## Input data
◇ ◇ ◇ ◇ ◇ ◇ ◇
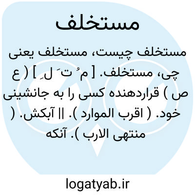 مستخلف. [ م ُ ت َ ل ِ ] ( ع ص ) قراردهنده کسی را به جانشینی خود. ( اقرب الموارد ). || آبکش. ( منتهی الارب ). آنکه برای اهل خود آب می آورد. ( اقرب الموارد ). رجوع به استخلاف شود.
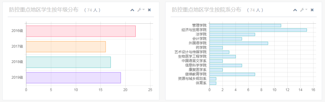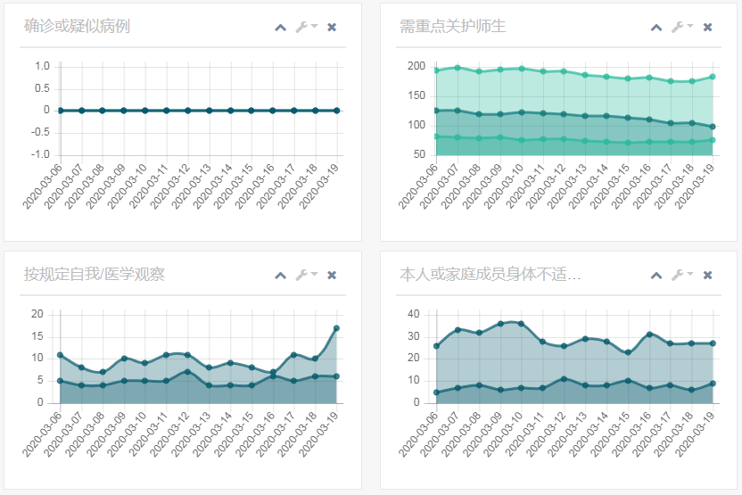 学校根据疫情防控工作需要,利用首轮采集到的数据,立即部署对身处防控重点地区、本人或家人身体不适,以及接触疑似或确诊病例师生的重点关护工作。为落实这项“人盯人”精准关护工作,开发团队在管理后台新增了关护工作记录功能,使各院系可以了解学生近14天的行程情况、接触史及身体健康状况,并将对学生的关爱跟踪情况记录下来,准确了解变化过程,确保了这项工作的延续性和可控性。
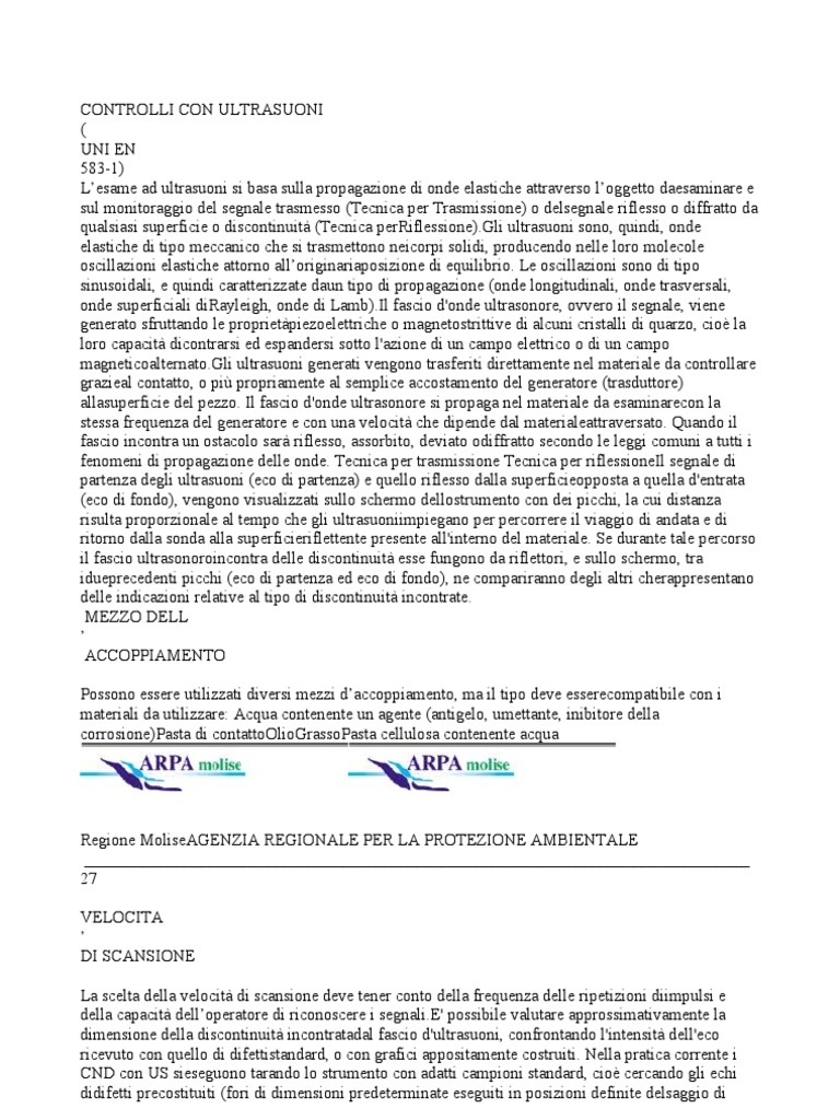 Regione MoliseAGENZIA REGIONALE PER LA PROTEZIONE AMBIENTALE ________________________________________________________________________________ 27 VELOCITA DI SCANSIONE La scelta della velocit di scansione deve tener conto della frequenza delle ripetizioni diimpulsi e della capacit delloperatore di riconoscere i segnali.E' possibile valutare approssimativamente la dimensione della discontinuit incontratadal fascio d'ultrasuoni, confrontando l'intensit dell'eco ricevuto con quello di difettistandard, o con grafici appositamente costruiti. Nella pratica corrente i CND con US sieseguono tarando lo strumento con adatti campioni standard, cio cercando gli echi didifetti precostituiti (fori di dimensioni predeterminate eseguiti in posizioni definite delsaggio di
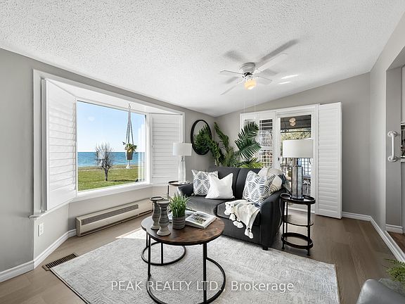 Exceptional Lakeside Retirement Living in Wilmot Creek! Welcome to this beautifully updated 2-bedroom bungalow in the sought-after Wilmot Creek Adult Lifestyle Community. This bright and spacious home offers a sun-filled living room and cozy sunroom with bay windows and a gas fireplace. The renovated kitchen features modern finishes and ample storage - ideal for both daily living and entertaining.Step outside to your private backyard oasis with unobstructed views of Lake Ontario, complete with shaded seating areas - perfect for morning coffee or peaceful evenings by the water.Enjoy a vibrant, low-maintenance lifestyle with access to premium community amenities: indoor & outdoor pools, private golf course, pickleball & tennis courts, clubhouse with organized events, on-site pharmacy, and salon. Located in a welcoming and active community, this home offers not just comfort, but a lifestyle you'll love.
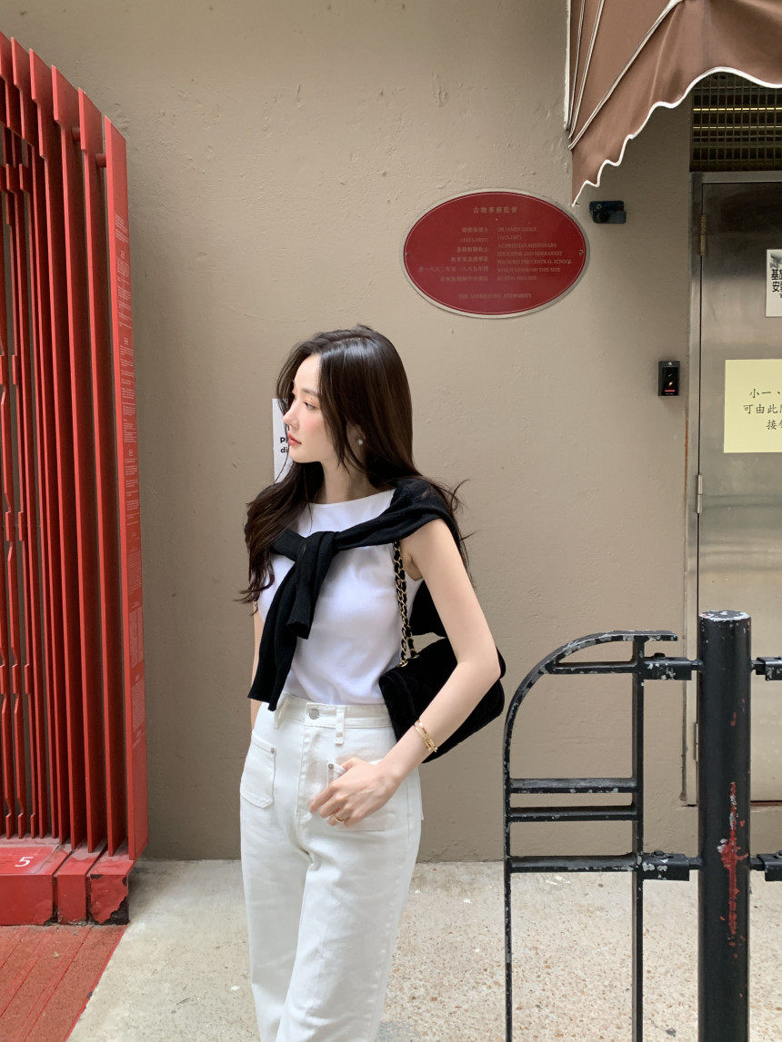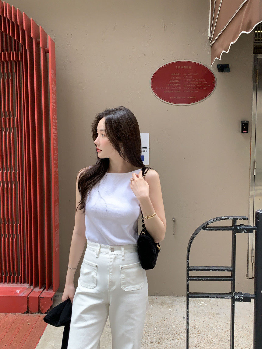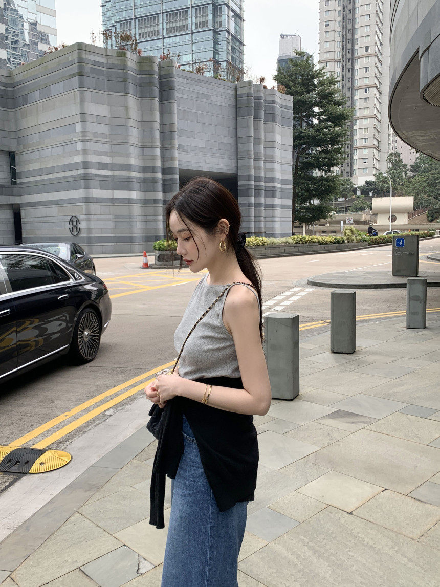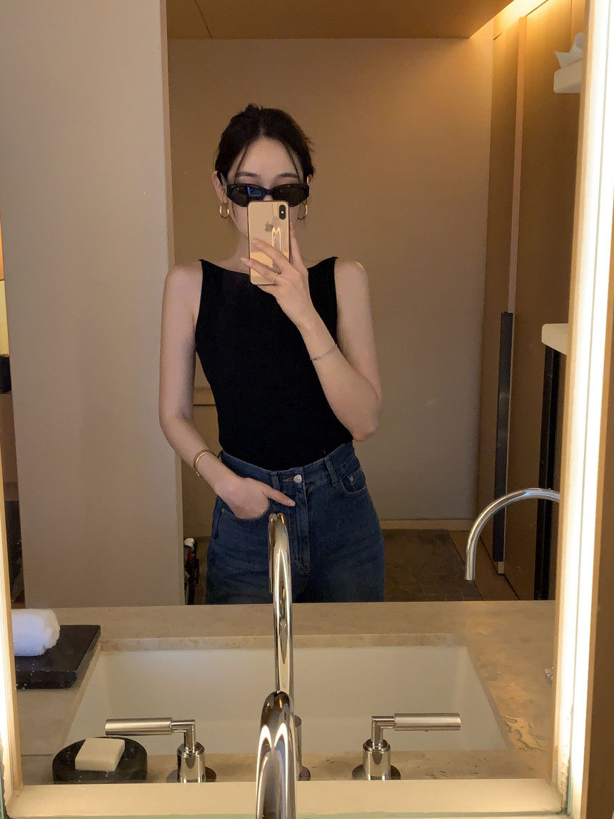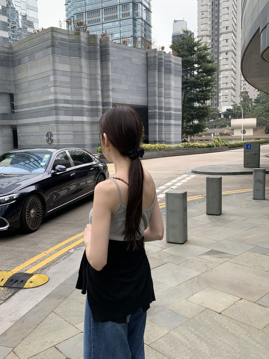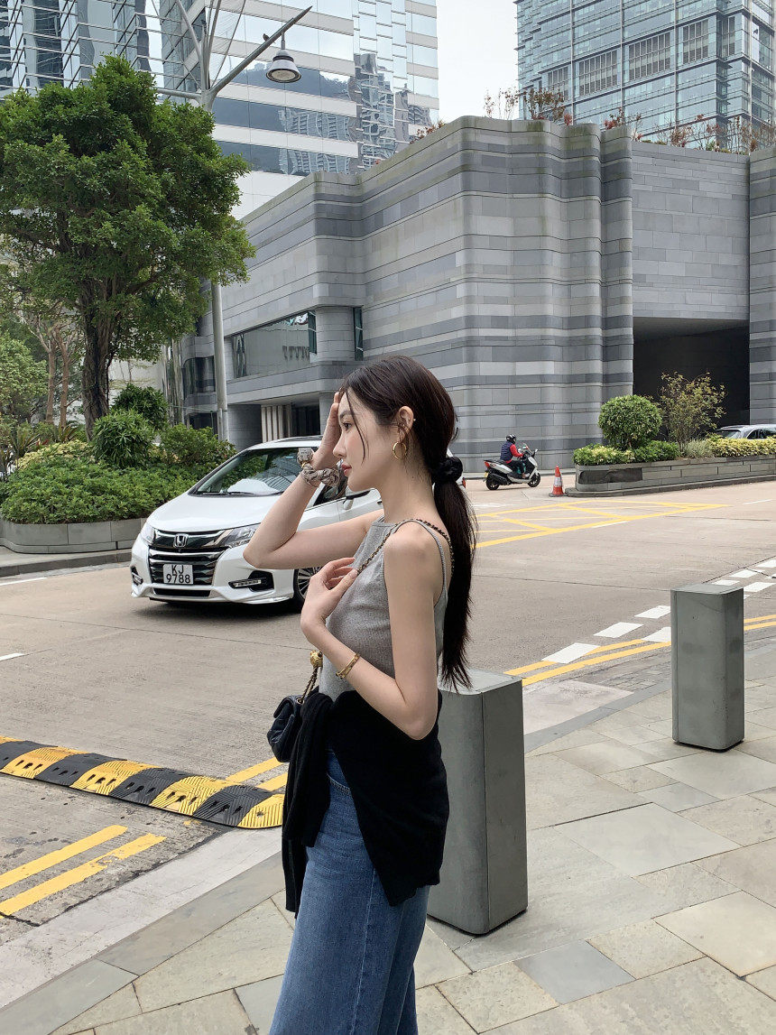 Черный трикотажный летний жилет без рукавов, приталенная майка топ, в корейском стиле, с открытой спиной
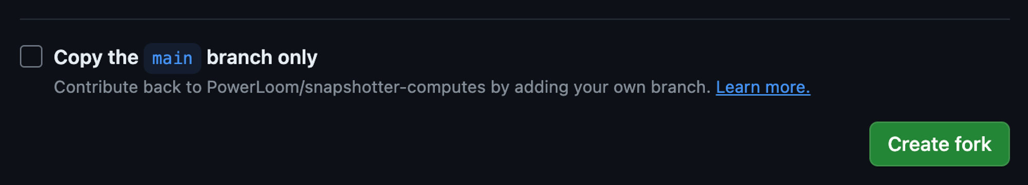 - Make sure to uncheck “copy the main branch only” and then click “Create fork”
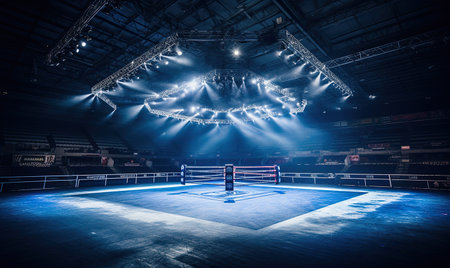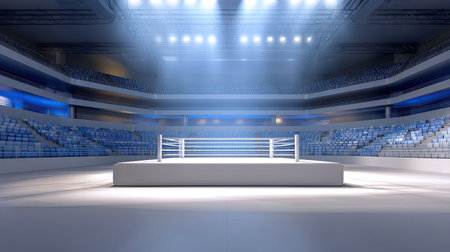 A striking view of a professional boxing ring set in an empty arena, highlighted by dramatic spotlights against blue tones, evoking anticipation for sports events.
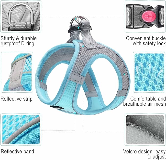 • 【 AIR MESH 】- Dog harness is made of durable thickened air mesh that featured with breathable, lightweight, comfortable, and quick-dry
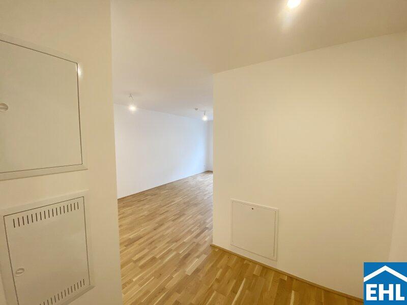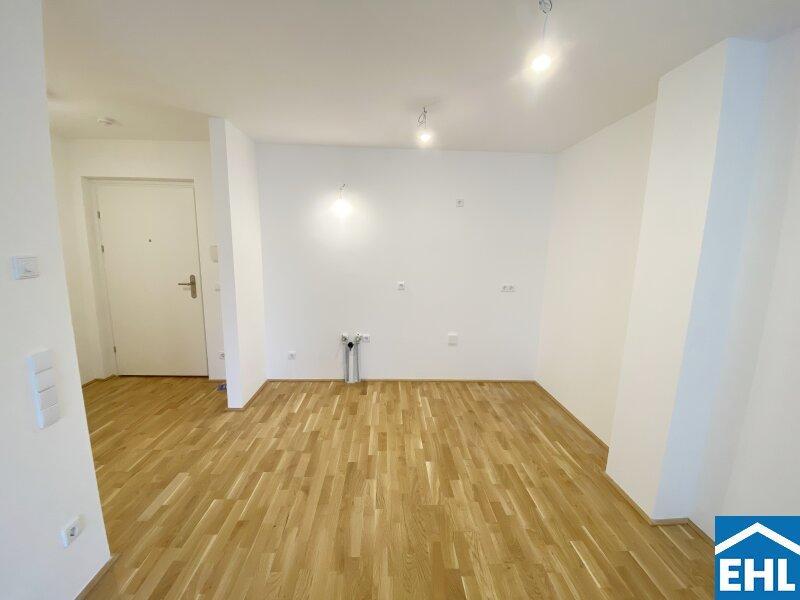 Diese helle Erstbezugswohnung überzeugt durch eine großzügige Raumaufteilung  hier ziehen Sie in ein komplett neues Zuhause ein. Der zentrale Wohnbereich ist offen gestaltet und bietet viel Platz für Wohnen, Essen und Kochen. Große Fenster sorgen für viel Tageslicht und eine angenehme Atmosphäre. Die Küche ist praktisch im Wohnraum integriert und wird in Kürze eingebaut. Das Schlafzimmer ist separat begehbar, ruhig und gut geschnitten. Von hier aus gelangen Sie direkt auf den Balkon perfekt für frische Luft und kurze Auszeiten im Alltag. Das Badezimmer ist modern ausgestattet mit Dusche, Waschbecken und Handtuchheizkörper. Das Wohnhaus setzt auf nachhaltige Energiesparsysteme, darunter eine Photovoltaikanlage auf dem Dach, um den ökologischen Fußabdruck zu minimieren.
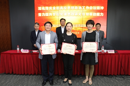 会上,祁明代表党建思政研究会理事会对2016年工作进行了总结,他从研究会的制度建设和机制完善以及规范运作和作用发挥两个方面介绍了在过去一年中所取得的工作成效。楼军江宣读了获奖情况通报,与会校领导为获奖者颁发证书。机关党委书记、组织部部长徐凯老师,金融管理学院党委书记、院长凌婕老师,马克思主义学院方旭光老师分别代表组织奖获得单位、2016年获奖课题作者以及2017年重点立项课题申报者从不同的角度作了交流发言。
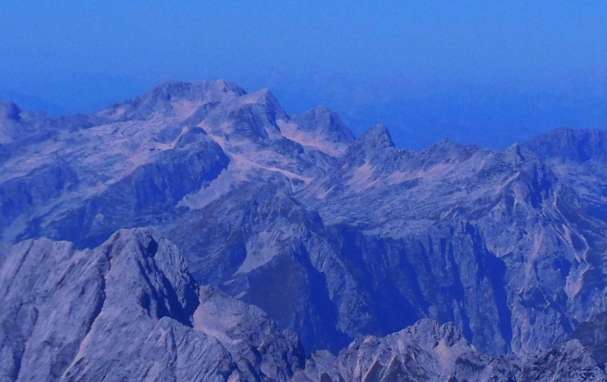 Pogled iz vrha Triglava na Kredarico z okolico.
◇ ◇ ◇ ◇ ◇ ◇ ◇
## Task objective
Repeat the listing above exactly from its first line to the line containing "学校根据疫情防控工作需要,利", both included, and omit the pictures.

## Solution
 مستخلف. [ م ُ ت َ ل ِ ] ( ع ص ) قراردهنده کسی را به جانشینی خود. ( اقرب الموارد ). || آبکش. ( منتهی الارب ). آنکه برای اهل خود آب می آورد. ( اقرب الموارد ). رجوع به استخلاف شود.
 学校根据疫情防控工作需要,利用首轮采集到的数据,立即部署对身处防控重点地区、本人或家人身体不适,以及接触疑似或确诊病例师生的重点关护工作。为落实这项“人盯人”精准关护工作,开发团队在管理后台新增了关护工作记录功能,使各院系可以了解学生近14天的行程情况、接触史及身体健康状况,并将对学生的关爱跟踪情况记录下来,准确了解变化过程,确保了这项工作的延续性和可控性。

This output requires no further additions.